Just to check our work, let’s try plotting these forms side-by-side.

alternate_form = np.sqrt(10)*np.sin(2*np.pi*220*t - np.arctan(1/3)) +1/2 +np.sqrt(13)/2*np.sin(2*np.pi *440 * t + np.arctan(1/np.sqrt(3)/2))

plt.plot(t, f, label='f')
plt.plot(t, alternate_form, label='alternate', linestyle='--')
plt.xlim(0, 0.03)
plt.legend()
plt.show()

../../../_images/25a2f6e4ce472f7d560dd2dedec3e663530d24b0fb8924fe1438100984a74c51.png

They agree exactly, as promised. What’s more, since we know that sound is not affected by phase or by a constant shift, we can get a much simpler waveform which sounds the same by dropping those parts.
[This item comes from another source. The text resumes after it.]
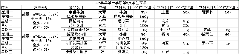 2025学年第一学期第5周学生菜单公示
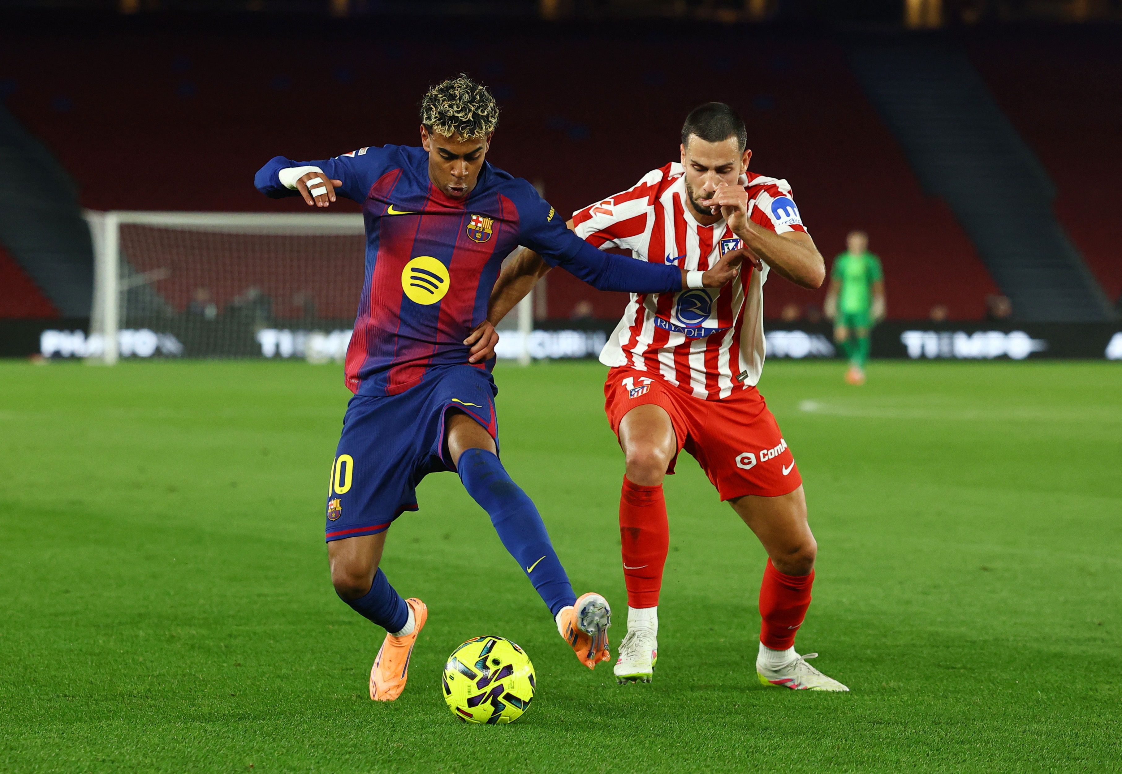 Barcelona tiếp tục duy trì nhịp độ tấn công mạnh mẽ. Dani Olmo mang về một quả phạt đền sau khi bị Pablo Barrios phạm lỗi, nhưng Robert Lewandowski lại đá lên khán đài. Ngay sau đó, Jan Oblak xuất sắc từ chối cú đánh đầu hiểm hóc của tiền đạo Ba Lan, giữ tỷ số hòa 1-1 sau 45 phút đầu.

\[ g(t) = \sqrt{10} \sin(2\pi 220 t) + \frac{\sqrt{13}}{2}\sin\left(2\pi 440 t\right) \]

g =  np.sqrt(10)*np.sin(2*np.pi*220*t) + np.sqrt(13)/2*np.sin(2*np.pi *440 * t)

plt.plot(t, f, label='f')
plt.plot(t, g, label='g')
plt.xlim(0, 0.03)
plt.legend()
plt.show()

print('f:')
audio = Audio(f, rate=44100)
audio_playbacks.append(audio)
display(audio)
print('g:')
audio = Audio(g, rate=44100)
audio_playbacks.append(audio)
display(audio)

../../../_images/ac44262734bebe4ab33ddb7334a7d22897859cdebfefa163a5165fe69b272f49.png

f:

g:

Now we can make the same sound with just two keytars, freeing up one band member to learn the harmonica and another to learn the tambourine.

Exercise 7 #

Use an approach like the above to rewrite the function

\[ f(t) = 2 \sin(2\pi 440 t) - 5\sin(2\pi 440 t+3 \pi/4) \]

as one sine function.

Exercise 8 #

In a short paragraph, explain a procedure you can use to figure out the phase and amplitude of a signal composed of two sine functions of the same frequency.

Exercise 9 #

Reflect on the section above. Why would you want to rewrite a sum of sine functions as fewer, combined sine functions?

Exercise 10 #

We showed how to rewrite a function using sine functions. Explain how we could do a similar procedure, using cosines instead. What would be different, what would stay the same?